A case clearly arises under the Constitution for purposes of § 1331 when the plaintiff claims, for example, that a government officer or employee, acting in his or her official capacity, injures the plaintiff by taking an action that violates a provision of the Constitution or by acting pursuant to an unconstitutional statute. The federal question jurisdiction of the district courts also encompasses causes of action created by federal statutes, such as 42 U.S.C. § 1983, which explicitly authorizes a private remedy for acts that are taken under color of state law and violate rights secured by federal law./12/ In such cases, federal law both creates the cause of action, supplying the underlying substantive rules that govern defendants’ conduct, and authorizes plaintiffs to enforce the rights created.

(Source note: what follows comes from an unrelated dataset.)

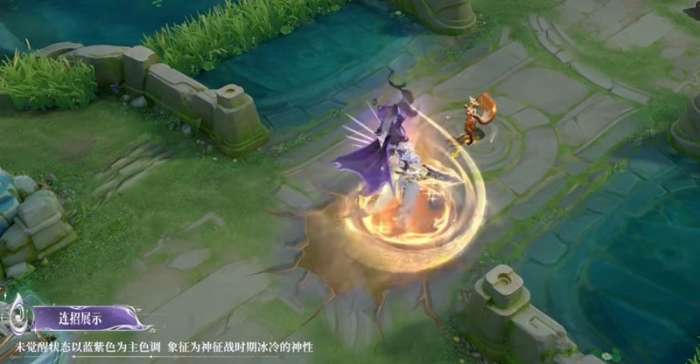 未觉醒状态:掷出由多把小剑组成的剑阵,命中瞬间展开形成圆形剑牢。真身觉醒状态:战神之铠携剑阵冲出,在敌方阵营中进行数次瞬移挥砍。

As Justice Stevens remarked for the Court in an opinion that canvassed § 1331 jurisprudence, “[t]he ‘vast majority’ of cases that come within this grant of jurisdiction are covered by Justice Holmes’s statement (in American Well Works v. Layne and Bowler Co.) that a ‘suit arises under the law that creates the cause of action.’”/13/ A civil action based on federal common law also arises under the laws of the United States for the purpose of jurisdiction under § 1331./14/ With rare exceptions,/15/ then, when a federal law creates the claim and the rules of decision governing it, federal jurisdiction exists./16/ The more difficult question is the converse: when, if ever, does federal question jurisdiction exist when the claim is presented under state law? A recent and colorfully written First Circuit decision refers to these cases as potentially involving "embedded" federal questions./17/
The Court interpreted § 1331 more broadly in Smith v. Kansas City Title and Trust Co./18/ than it had in American Well Works. In Smith, a bank shareholder invoked state law to challenge a bank's investment in bonds issued pursuant to an allegedly unconstitutional federal law. The plaintiff therefore sought to prevent the state bank from buying the federal bonds. Justice Holmes, in dissent, argued that the case should be regarded as arising solely under the state law defining the bank’s powers./19/ Yet, the Court held that federal jurisdiction existed because the state law claim involved an inquiry into the constitutionality of a federal statute./20/
The apparent conflict between Smith and American Well Works made it difficult to determine when federal jurisdiction existed in cases where state-created actions require an interpretation of federal law. Merrell Dow Pharmaceuticals v. Thompson/21/ added to this complexity. One count of what was otherwise a purely state law tort action against a drug manufacturer for harm caused by one of its drugs alleged that the drug was misbranded in violation of the Federal Food, Drug, and Cosmetic Act and that the violation created a presumption of negligence. The Court joined the parties in assuming that the Act did not create a private cause of action. On that assumption, the Court held that assertion of federal jurisdiction would “flout, or at least undermine, congressional intent”/22/ not to create a federal remedy for violation of federal law. Thus, Merrell Dow suggested that federal jurisdiction was not available for state-law claims which sought to enforce federal standards when there was no federal private right of action to enforce them. In doing so, Merrell Dow confused the existence of a federal claim or remedy with the presence of federal jurisdiction.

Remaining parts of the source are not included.